London Capital and the Bryan Cook – Thomas Yi Scam Spree, 2010 to 2015

Yves here. Richard Smith is on the trail of what looks to be his biggest international scam find ever, orders of magnitude larger than the usual below the radar single to low double digit million dollar/pound/euro operation that he has ferreted out in the past. And mind you, even though he focuses on the dubious looking inter-corporate relationships and the often evident lack of normal investors protections and business substance, these companies sell hope and glamour to typically credulous retail investors who lose their money and have no recourse.

Naked Capitalism, January 2015

By Richard Smith

For nearly two years now, but with much greater frequency since January this year, I’ve been blogging the story of a group of New Zealand Financial Services Providers and their connections to a sprawling series of international investment frauds, operating between 2010 and now, with operational bases in Switzerland, New Zealand and London, but usually aimed at Malaysian, Singaporean and Chinese investors and, sometimes, mugs in many more locations.

The toxic brand “London Capital” looms over everything. Here’s an old screen shot from London Capital’s web site:

Londoncapital.biz Capture

Connected to all of the scams, in one way or another, we find now-convicted fraudster and stock manipulator Bryan Cook, and henchman Thomas Yi of London Capital, depicted above. Again and again, we also find Cook’s sister Julie Cook, Dubai associate Chris Eddy, lawyers David and Christopher Orchard, and a host of Swiss, Korean, Chinese, Malaysian and Rumanian assistants.

Here is a tabulation of the claimed and possible investor damage, where known. The low estimate is based on various unverified assessments, by apparently sober third parties, who have collated individual investors’ claimed losses, sampled in just a part of each scam’s known geographical footprint. The high estimate, of much lower quality, is estimated from what’s known of the scam’s overall footprint.

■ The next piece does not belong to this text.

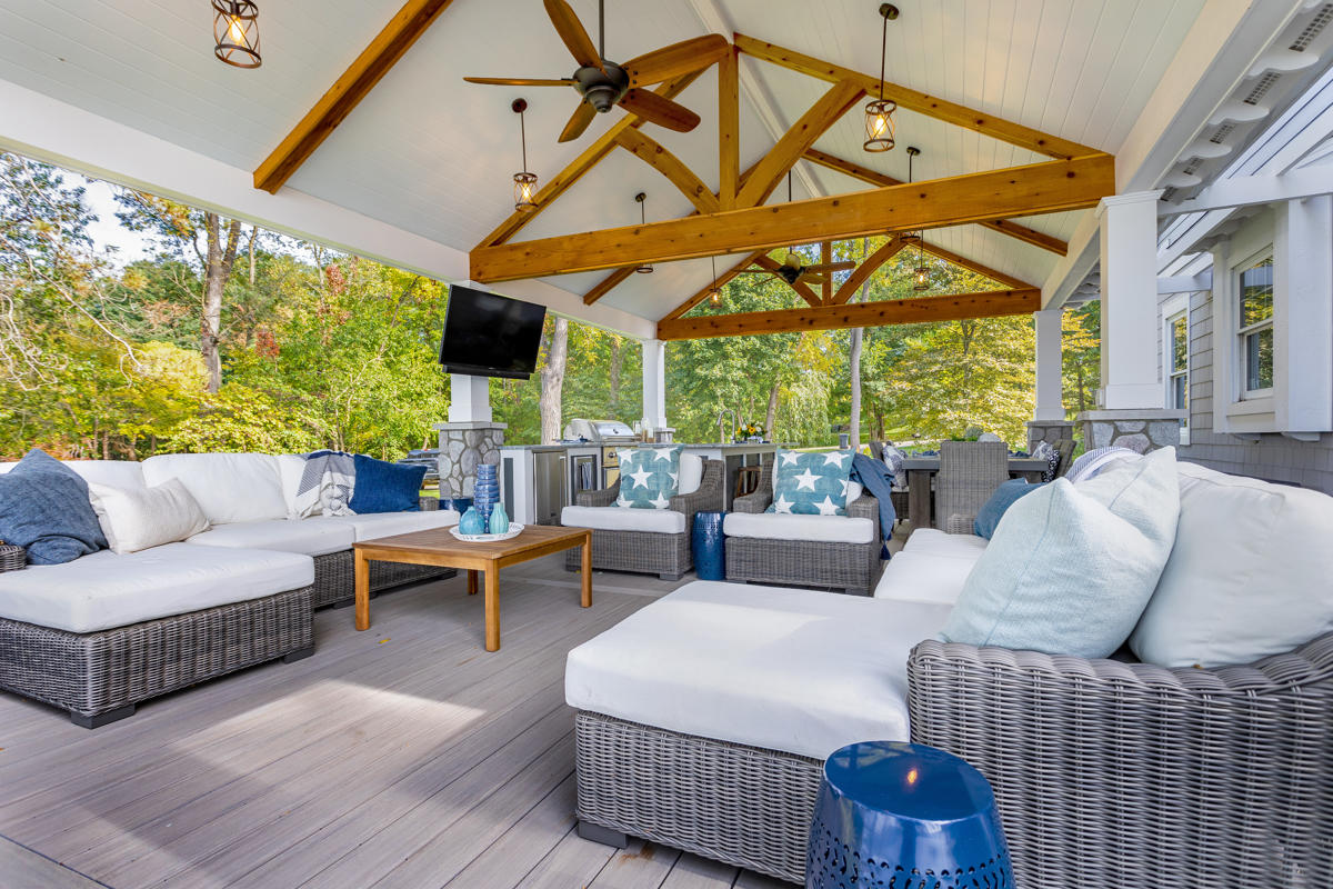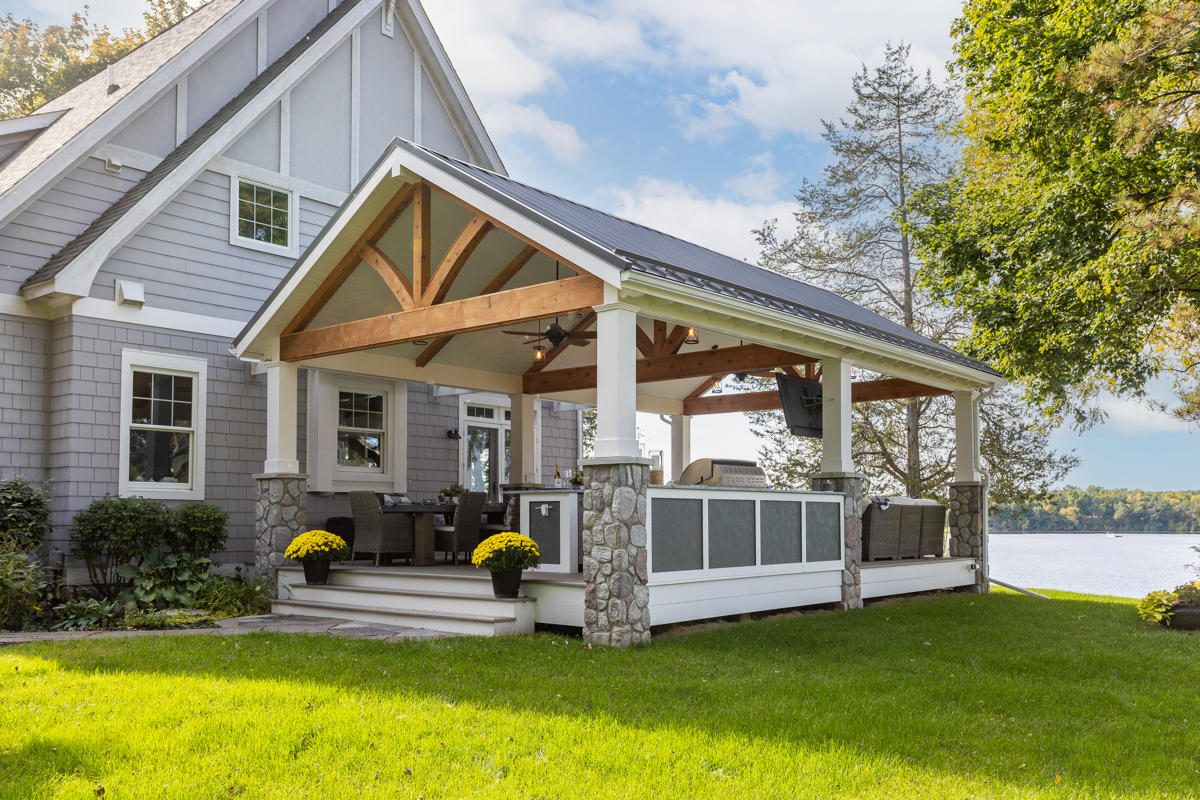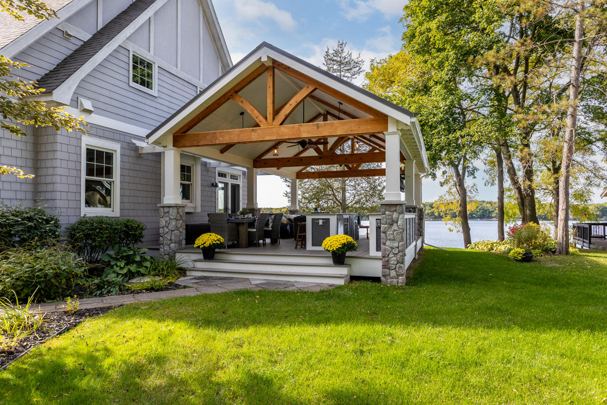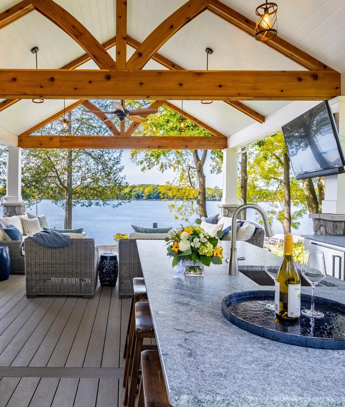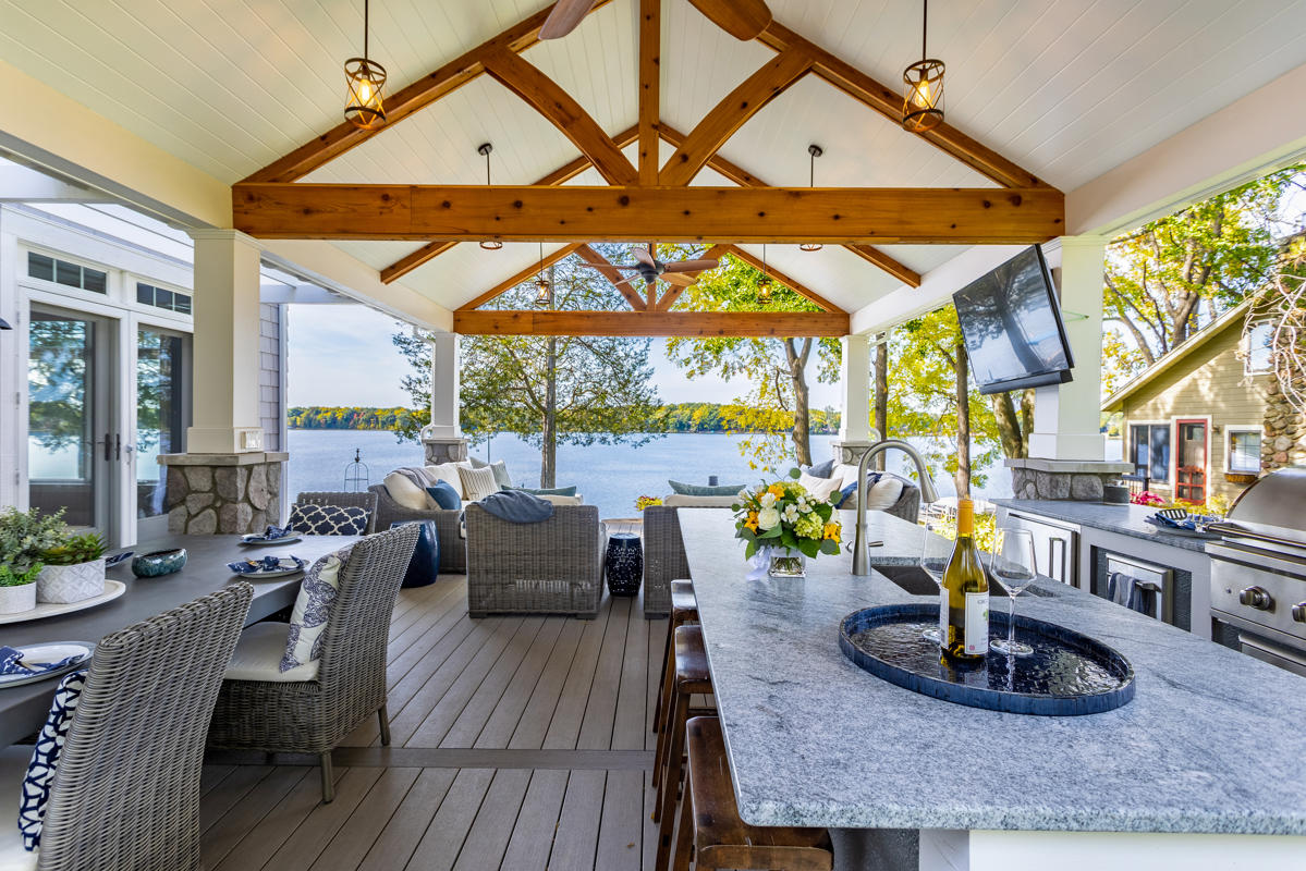 Our clients, returning to us with a new vision, sought to elevate their home’s connection to the outdoors. They wished for a multifunctional space that marries comfort, recreation, and the beauty of lakeside living. We answered with a custom-designed covered kitchen and lounge area, a seamless extension of their home that supports everything from lively celebrations to peaceful mornings with coffee by the water.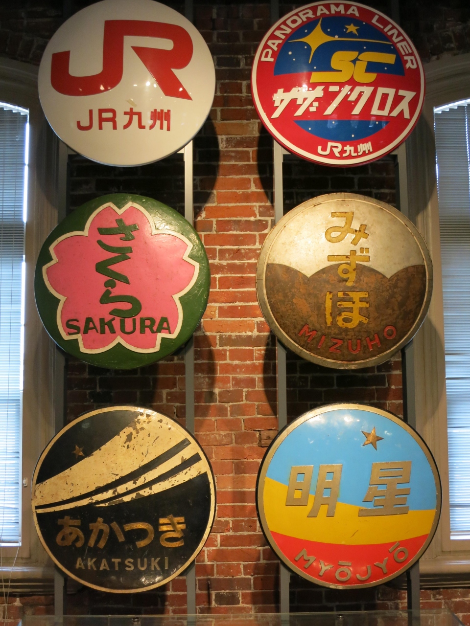 列車の展示場から上に上ると旧九州鉄道本社として使われたレンガ造りの本館があり、ジオラマやヘッドマーク等の鉄道遺産が並びます。

Scam Type Low estimate of losses High estimate of losses Related Cook/Yi Vehicles
US OTC listed stocks 2010-2014 Oil exploration pump and dumps: Octagon 88, CEC Northstar, Tamm Oil. Unknown targets, but very possibly Far Eastern investors. Unknown Unknown STS Swiss Treuhand Services (Switzerland), web site archive
German listed stocks 2010-2012 Stock price manipulation on Deutsche Börse (Frankfurt and Berlin), mostly targeting non-German investors. Unknown Unknown New Zealand Financial Services Provider ABIL Finance Corporation, STS Swiss Treuhand Services (Switzerland), web site archive
GXG listed stocks, 2012-2015 Stock manipulation operations on GXG Markets, mostly targeting Far Eastern investors. Unknown Unknown New Zealand Financial Services Providers London Capital NZ and “Asia Finance Corporation trading as London Capital NZ”
Virgin Gold Mining Corporation 2011-2015 Gold-related pyramid scheme and a multi-phase stock manipulation follow-on at GXG Markets, targeting Far Eastern investors $250Mn $2Bn New Zealand Financial Services Providers London Capital NZ and “Asia Finance Corporation trading as London Capital NZ”
Power 8 2013-2015 Technology-related pyramid scheme, with major European football clubs for scenery, targeting Far Eastern investors. $250Mn $500Mn New Zealand Financial Services Provider London Capital NZ
Euro Forex, PFS and FXCAP, 2011-2015 Guaranteed-profit FX investment pyramid scheme with fake ‘payment card’ (PFS) and fake ‘wealth manager’ (FXCAP) follow up scams, targeting Far Eastern investors. $1Bn $2Bn New Zealand Financial Services Providers PFS Pacific Finance Services Limited,PFS Pacific Finance Services ,Pacific Finance Services Corporation (these really are 3 different FSPs),Euro Forex Investment Limited,EFIL – Euro Forex Investment Limited
Total   $1.5Bn $4.5Bn+

 

Whatever you make of the quality of the estimates, Messrs Cook and Yi have been busy boys these past few years, haven’t they? Lacking really hard numbers, that tabulation still can’t be the final story of what this crew have been up to, but it does start to give some idea of the scale of the operation.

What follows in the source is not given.